I’ve always kinda wondered: isn’t it technically a [i]body[/i] transplant? You’re not replacing the head, you’re replacing the body, right?
Head transplant [i]sounds[/i] better though.
[QUOTE=Amakir;52895779]Dudes gonna die.[/QUOTE]
Dude was supposed to die from the get go. Nobody who has any basic knowledge in modern biology/medical science would believe that. The big question is: if he will die during the surgery and if he won't, how long will he survive after it and in the end why didn't he.
[url]https://www.theatlantic.com/magazine/archive/2016/09/the-audacious-plan-to-save-this-mans-life-by-transplanting-his-head/492755/[/url]
Informative article about him I read a while back.
This might sound pretty obvious but, how exactly do they plan to slice off his head perfectly? Like a guillotine or something?
[QUOTE=Kommodore;52896409]This guy is a complete quack doctor. There have been at least three threads about him on this forum iirc, and it's no coincidence because he deliberately makes a lot of fanfare to compensate for the fact that all of his ideas get crucified in peer review. Idg why a lot of y'all are taking it seriously this time.[/QUOTE]
because like that botched penis transplant he's gonna do it and someone in this case will die from it
[editline]16th November 2017[/editline]
[QUOTE=AncientFryup;52896677]This might sound pretty obvious but, how exactly do they plan to slice off his head perfectly? Like a guillotine or something?[/QUOTE]

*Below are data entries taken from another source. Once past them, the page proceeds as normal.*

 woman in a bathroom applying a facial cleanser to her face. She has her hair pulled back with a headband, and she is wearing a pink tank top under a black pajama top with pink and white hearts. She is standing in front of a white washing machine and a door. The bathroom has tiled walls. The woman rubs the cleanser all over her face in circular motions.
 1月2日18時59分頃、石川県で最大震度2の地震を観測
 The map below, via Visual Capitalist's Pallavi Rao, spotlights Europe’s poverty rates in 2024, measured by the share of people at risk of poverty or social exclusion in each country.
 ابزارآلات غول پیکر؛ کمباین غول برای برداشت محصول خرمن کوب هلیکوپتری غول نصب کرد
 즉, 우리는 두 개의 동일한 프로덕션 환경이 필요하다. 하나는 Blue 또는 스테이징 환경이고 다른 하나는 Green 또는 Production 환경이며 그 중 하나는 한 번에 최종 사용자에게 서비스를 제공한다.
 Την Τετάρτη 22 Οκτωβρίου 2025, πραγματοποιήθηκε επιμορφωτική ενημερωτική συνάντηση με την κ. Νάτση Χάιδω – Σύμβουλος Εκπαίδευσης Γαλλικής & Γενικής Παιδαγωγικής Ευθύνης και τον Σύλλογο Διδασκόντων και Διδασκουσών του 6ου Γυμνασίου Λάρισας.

supposidly, since he has not demonstrated this in any credible way, if one uses the right technique the nerves can be severed in such a way that they may be repaired. We do not know nearly enough about human biology to say that one person's brain could work another person's body though because its obviously dangerous
It'd be cool if this could be done. I mean cancer that hasn't spread to the brain would be curable with this.
Soooo
[url]http://www.telegraph.co.uk/science/2017/11/17/worlds-first-human-head-transplant-successfully-carried/[/url]

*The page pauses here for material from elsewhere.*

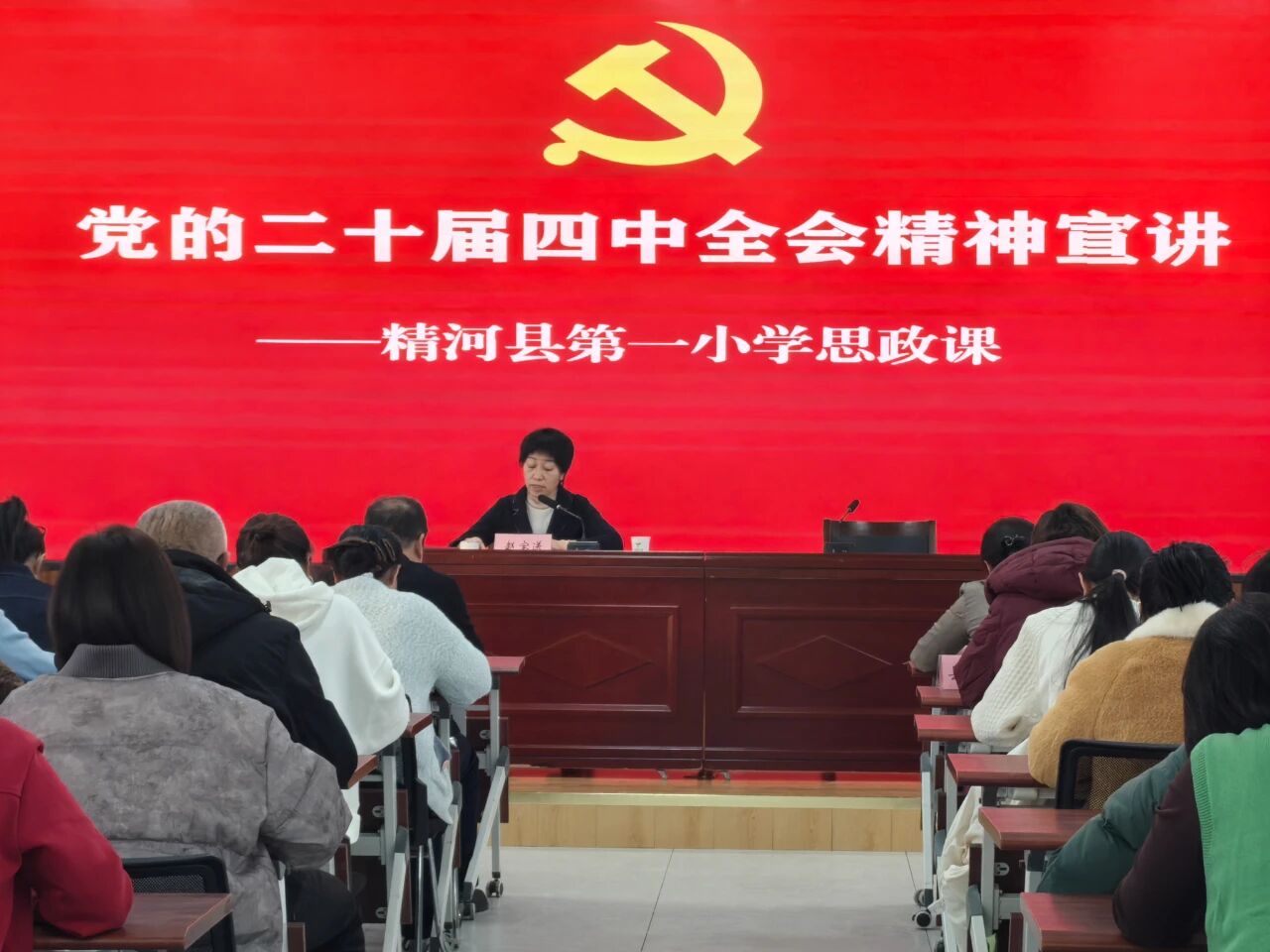 12月12日,精河县委常委、组织部部长、党校校长、县直机关工委书记赵宝送深入县第一小学,开展党的二十届四中全会精神专题宣讲活动,县委教育工委副书记、教育局党组书记、副局长杜萍主持会议。县直学校党组织书记、校(园)长,教师代表共100余人参会。

[quote]he world's first human head transplant has allegedly been performed on a corpse in an 18 hour operation which successfully connected the spine, nerves and blood vessels of two people.[/quote]
To be clear, this is saying that two dead bodies were grafted together, and then nerves in the head were stimulated to produce a response in the body, right?
prepare for months down the line when we read the article about the first ever death via attempted recapitation
[QUOTE=Ekalektik_1;52895413]I remember an article about this guy circulating around here at least two other times. Wasn't the patient a Russian (?) athlete last time this cropped up? I definitely feel like there was someone who was seeing this Dr. Canavero and was painfully open about how he was going to get his head put onto a new body.[/QUOTE]
It originally intended for a Russian man with a degenerative nerve disease. They moved the surgery to China because it's easier to get a "donor" there.
The Chinese doctor involved with the ordeal says that the Russian gentleman may get a new body if the opportunity ever pops up.
If I was terminal, I'd sign on for something like this. If it goes well, awesome, you've become a part of history. If it doesn't, then that's a hardcore way to go, yeah?
[QUOTE=MrWhite;52900878]To be clear, this is saying that two dead bodies were grafted together, and then nerves in the head were stimulated to produce a response in the body, right?[/QUOTE]
More or less. They can reattach a head and get a response from the nervous system, but who knows if a person could survive an ordeal like that.